EIA projects that in all cases, U.S. average electricity prices across all end-use sectors will continue declining through 2022 and increase slightly until 2027 because of higher expected natural gas prices (Figure 3). In the long term, projected electricity prices will decline between 2027 and 2050 as a result of the relatively flat natural gas prices and falling generation costs from the increasing penetration of renewables. The average electricity prices in all cases remain in a relatively tight range between 10.1 cents/kWh and 10.5 cents/kWh (2019 dollars) through the early 2030s. The prices in the alternative cases diverge from the Reference case around the mid-2030s, ending 3% higher in the High Renewables Cost case and 3% lower in the Low Renewables Cost case by 2050 than in the Reference case.
With the higher cost to build renewable capacity—particularly solar PV—in the High Renewables Cost case, more electricity is generated from natural gas. Because some zero-fuel-cost solar PV generation is replaced by higher-fuel-cost natural gas generation, electricity prices are higher in the High Renewables Cost case, as reflected in the higher generation components of prices shown in Figure 4. In contrast, because more renewables capacity is added in the Low Renewables Cost case, electric power sector fuel expenditures decline and investment costs are reduced with the lower capital costs for renewables, leading to lower electricity prices.
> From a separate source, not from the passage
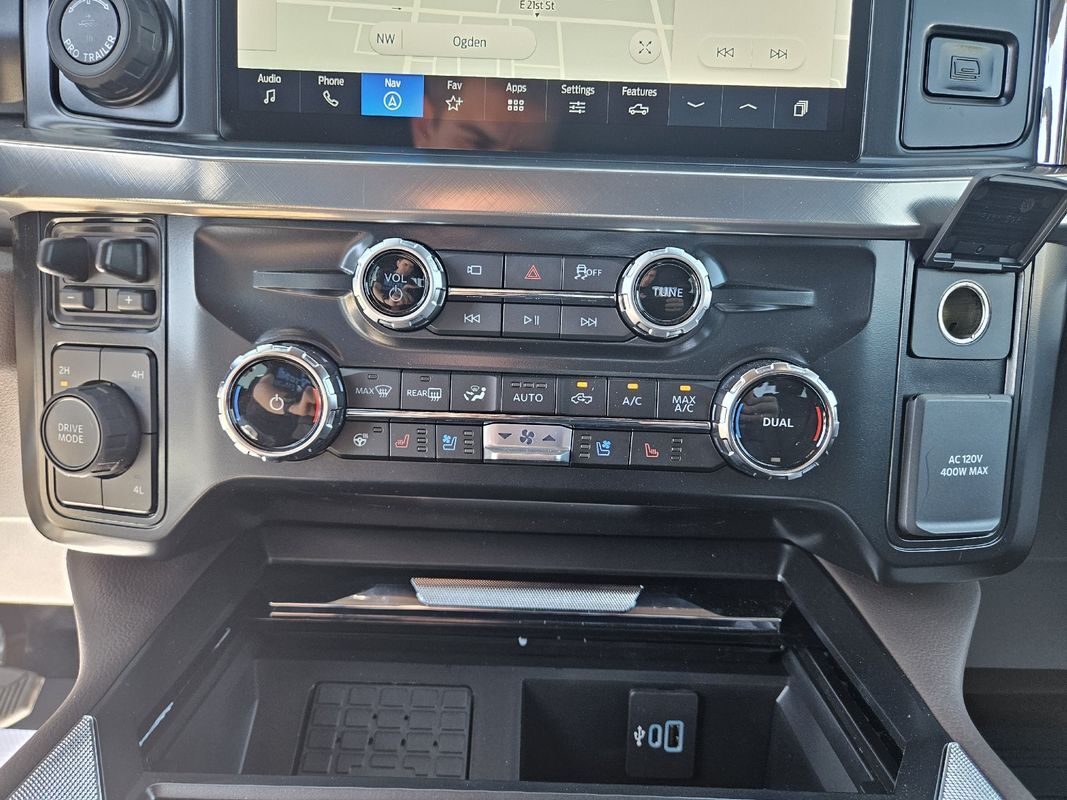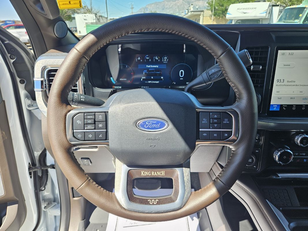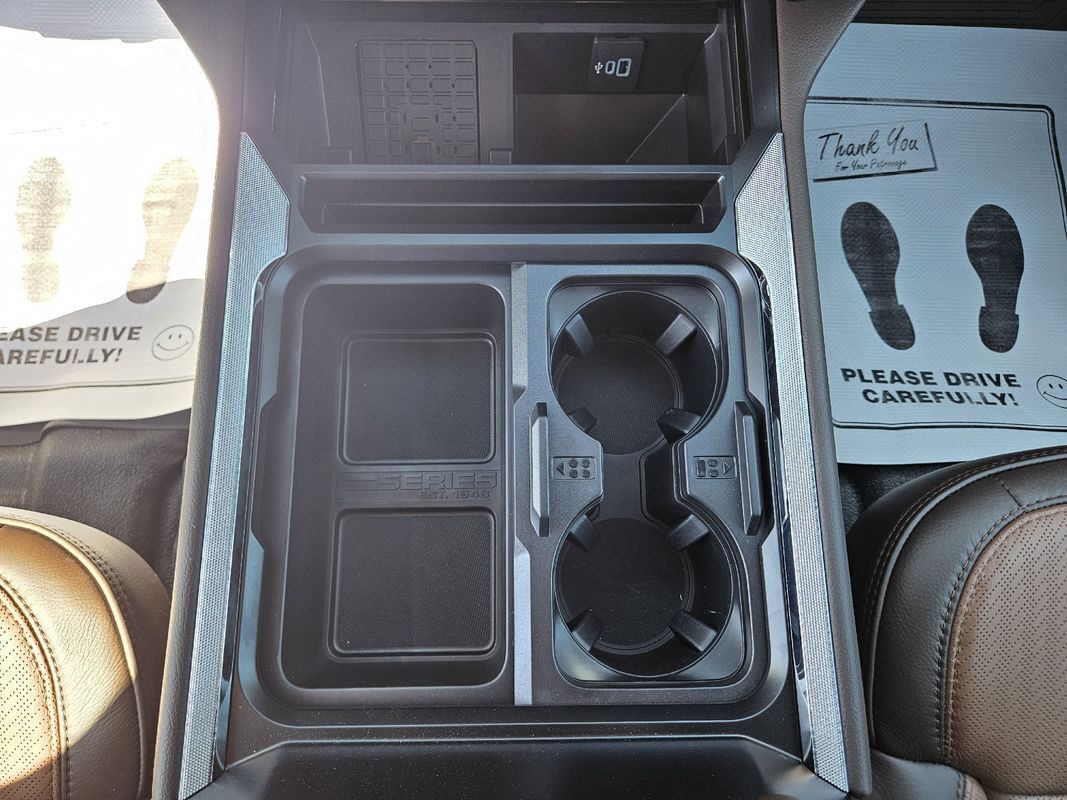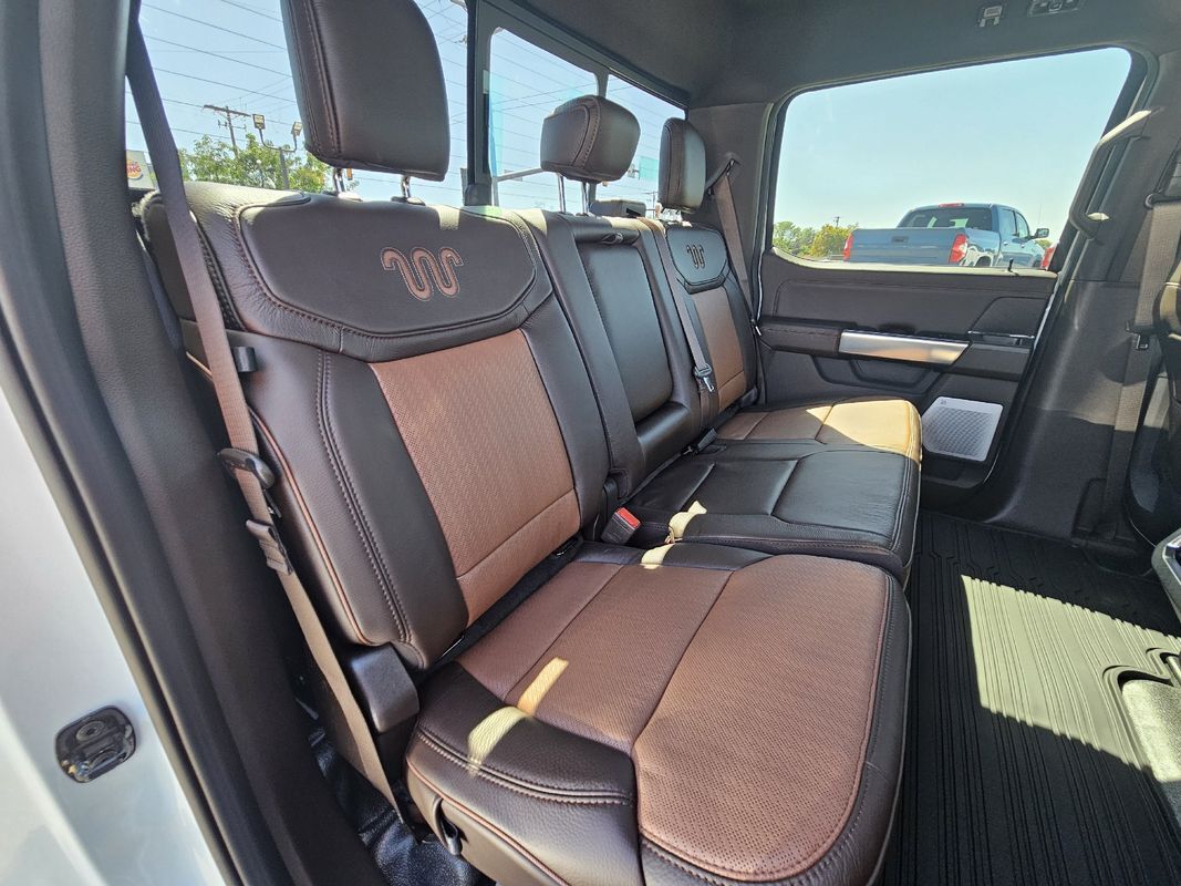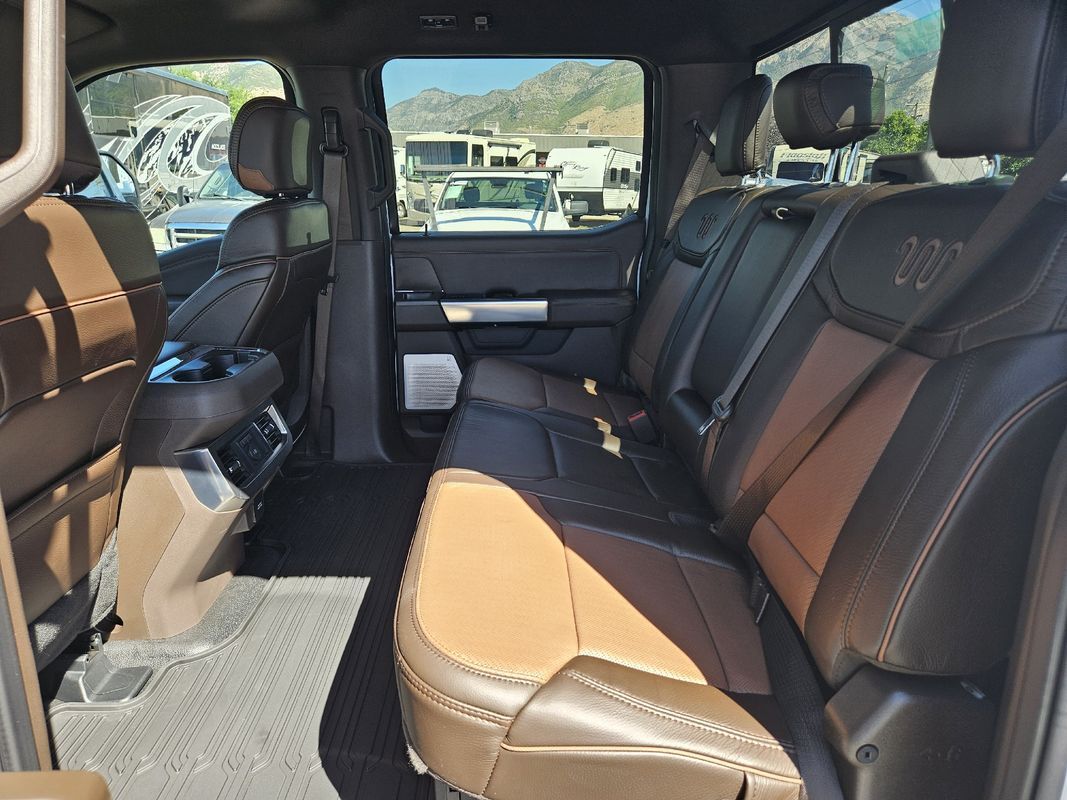 Remote Start,Navigation System,Leather Seats,Heated Seats,Bluetooth,Driver seat: heated massaging, ventilated,Driver seat power adjustments: height lumbar, reclining, 8,Front headrests: adjustable 2,Front seat type: bucket,Passenger seat: heated massaging, ventilated,Passenger seat power adjustments: height lumbar, reclining, 8,Rear headrests: adjustable 3,Rear seat: heated,Rear seat folding: folds up split,Rear seat type: 60-40 split bench,Upholstery: leather,ABS: 4-wheel,Braking assist: ,Electronic brakeforce distribution: ,Electronic parking brake: auto off,Emergency braking preparation: ,Front brake diameter: 15.4,Front brake type: ventilated disc,Front brake width: 1.53,Power brakes: ,Rear brake diameter: 15.8,Rear brake type: ventilated disc,Rear brake width: 1.53,Alternator: 160 amp and 250 amp (dual),Battery: AGM maintenance-free,Battery rating: 750 CCA,Battery saver: ,Clearance lights: ,Daytime running lights: LED,Exterior entry lights: approach lamps puddle lamps,Front fog lights: LED,Headlights: LED auto delay off, auto high beam dimmer, auto on/off, wiper activated,Roof-mounted lights: ,Automatic emergency braking: front front pedestrian, intersection/junction turn, rear,Automatic hazard warning lights: ,Blind spot safety: sensor/alert trailer coverage,Camera system: cargo area surround view, trailer rearview,Child safety door locks: ,Child seat anchors: LATCH system,Cross traffic alert: rear,Crumple zones: front,Driver attention alert system: ,Impact sensor: alert system door unlock, post-collision safety system,Lane deviation sensors: ,Lane keeping assist: ,Parking sensors: front rear,Pre-collision warning system: audible warning intersection/junction turn, pedestrian detection, visual warning,Programmable safety key: ,Rearview monitor: in dash,Traffic sign recognition: ,Airbag deactivation: passenger switch,Front airbags: dual,Side airbags: front,Side curtain airbags: front rear,Side mirror adjustments: power power folding, power telescoping,Side mirrors: heated integrated turn signals,Towing mirrors: ,Front wipers: rain sensing variable intermittent,Laminated glass: acoustic windshield,Pickup sliding rear window: power horizontal,Power windows: safety reverse,Rear privacy glass: ,Solar-tinted glass: front,Window defogger: rear,Anti-theft system: alarm vehicle immobilizer,Power door locks: anti-lockout auto-locking,Emergency locking retractors: front rear,Front seatbelts: 3-point,Rear seatbelts: 3-point,Seatbelt pretensioners: front,Seatbelt warning sensor: front,4WD selector: electronic hi-lo,4WD type: part time,Axle ratio: 4.30,Limited slip differential: rear,Front shock type: gas,Front spring type: coil,Front stabilizer bar: diameter 35 mm,Front suspension classification: solid live axle,Front suspension type: multi-link,Rear shock type: gas,Rear spring type: leaf,Rear stabilizer bar: diameter 31 mm,Rear suspension classification: solid live axle,Rear suspension type: multi-leaf,Electronic messaging assistance: voice operated with read function,Hands-free phone call integration: voice operated,Navigation data: real time traffic,Navigation system: touch screen display voice operated,Smart device app compatibility: FordPass Connect,Smart device app function: engine start horn/light operation, lock operation, maintenance status, vehicle location,Wi-Fi: hotspot,Wireless data link: Bluetooth,Antenna type: diversity mast,Auxiliary audio input: Bluetooth USB, iPod/iPhone,Digital sound processing: ,Premium brand: Bang & Olufsen,Radio: AM/FM HD radio, touch screen display, voice operated,Radio data system: ,Satellite radio: SiriusXM,Speed sensitive volume control: ,Subwoofer: 1,Total speakers: 13,Watts: 1080,Dual rear wheels: ,Spare tire mount location: underbody,Spare tire size: full-size,Spare wheel type: steel,Tire type: all season,Wheels: polished aluminum alloy,Clock: ,Compass: ,Customizable instrument cluster: ,Digital odometer: ,External temperature display: ,Fuel economy display: MPG range,Gauge: oil pressure tachometer, transmission temperature,Head-up display: ,Instrument cluster screen size: 12 in.,Multi-function display: ,Powertrain hour meter: ,Trip odometer: ,Warnings and reminders: low fuel level maintenance due,Air filtration: ,Front air conditioning: automatic climate control,Front air conditioning zones: dual,Rear vents: second row,Armrests: rear center with cupholders,Center console trim: leather,Dash trim: wood,Door sill trim: scuff plate,Door trim: leather wood,Floor mat material: rubber/vinyl,Floor material: carpet,Floor mats: front rear,Heated steering wheel: ,Interior accents: woodgrain,Steering wheel trim: leather,Door handle color: body-color,Front bumper color: accent,Grille color: chrome,Mirror color: black,Mudguards: front,Paint: two-tone,Pickup bed light: LED,Rear bumper color: accent,Running board color: black,Running boards: power retractable,Tailgate: lift assist power locking, power open, removable, step,Window trim: black,Automated trailer backup steering: straight line and turning,Pickup bed cargo management: tie-down anchors,Tow hooks: front,Trailer brake controller: ,Trailer hitch: ,Trailer hitch tongue weight monitor: ,Trailer wiring: 4-pin 7-pin,Upfitter switches: ,Adaptive cruise control: ,Adaptive stop and go cruise control: semi-automatic,Adjustable pedals: power,Ambient lighting: color,Assist handle: front rear,Autonomous lane guidance: lane centering,Center console: front console with armrest and storage,Cupholders: front rear,Easy entry: power driver seat power steering wheel,Memorized settings: 3 driver adjustable pedals, driver seat, side mirrors, steering wheel,Multi-function remote: panic alarm proximity entry system,One-touch windows: 2,Overhead console: front,Power outlet(s): 115V cargo area 115V front, 115V rear, 12V front, USB front, USB-C front,Power steering: ,Power windows: lockout button,Push-button start: ,Reading lights: front rear,Rearview mirror: auto-dimming,Remote engine start: ,Steering wheel: power tilt and telesc

In addition to the generation cost component, electricity prices also consist of transmission and distribution cost components that are functions of peak demand and overall customer sales. Furthermore, the transmission cost component is also influenced by grid interconnection costs that are incurred from interconnecting new electric generating capacity. In the Low Renewables Cost case, the transmission cost component is highest compared with the Reference and the High Renewables Cost cases. Because renewable generating technologies—mainly solar PV and wind—have lower capacity factors than fossil and nuclear technologies, more intermittent capacity is needed to replace generation that would otherwise be available from baseload generating technologies. Fewer capacity additions are needed to meet the projected demand in the High Renewables Cost case because of higher levels of natural gas and nuclear generation, so the transmission cost component is lower than for the other cases. The distribution cost component is also highest in the Low Renewables Cost case because the costs are recovered over fewer retail sales as a result of increased self-generation in the end-use sectors.
Carbon Dioxide (CO2) Emissions
EIA expects electricity-related CO2 emissions to decline in all three cases in the near term because of increased coal-fired power plant retirements (Figure 5). In the long term, electricity-related CO2 emissions stay relatively flat in the Reference case through the projection period as gradual declines in coal-fired generation is mostly offset by the increase in natural gas-fired generation, a result of continued low natural gas prices. Increased penetration of renewables in the Low Renewables Cost case (including end-use solar PV that, in turn, reduces demand for purchased electricity) further reduces electricity generation-related CO2 emissions relative to the Reference case through 2050. In the Reference case, electricity-related CO2 emissions decrease from 1,616 million metric tons in 2019 to 1,346 million metric tons in 2050. Electricity-related CO2 emissions in 2050 are 229 million metric tons (17%) lower in the Low Renewables Cost case compared with the Reference case. CO2 emissions in the High Renewables Cost case are higher for most of the projection years because less renewables capacity is available for electricity generation. In 2050, electricity-related emissions in the High Renewables Cost case are 223 million metric tons (17%) higher than in the Reference case.
- U.S. Energy Information Administration, Assumptions to the Annual Energy Outlook 2019: Electricity Market Module, pages 7–10.
- For conventional hydroelectric and geothermal resources, costs are based on site-specific supply curves and are not summarized in Table 1.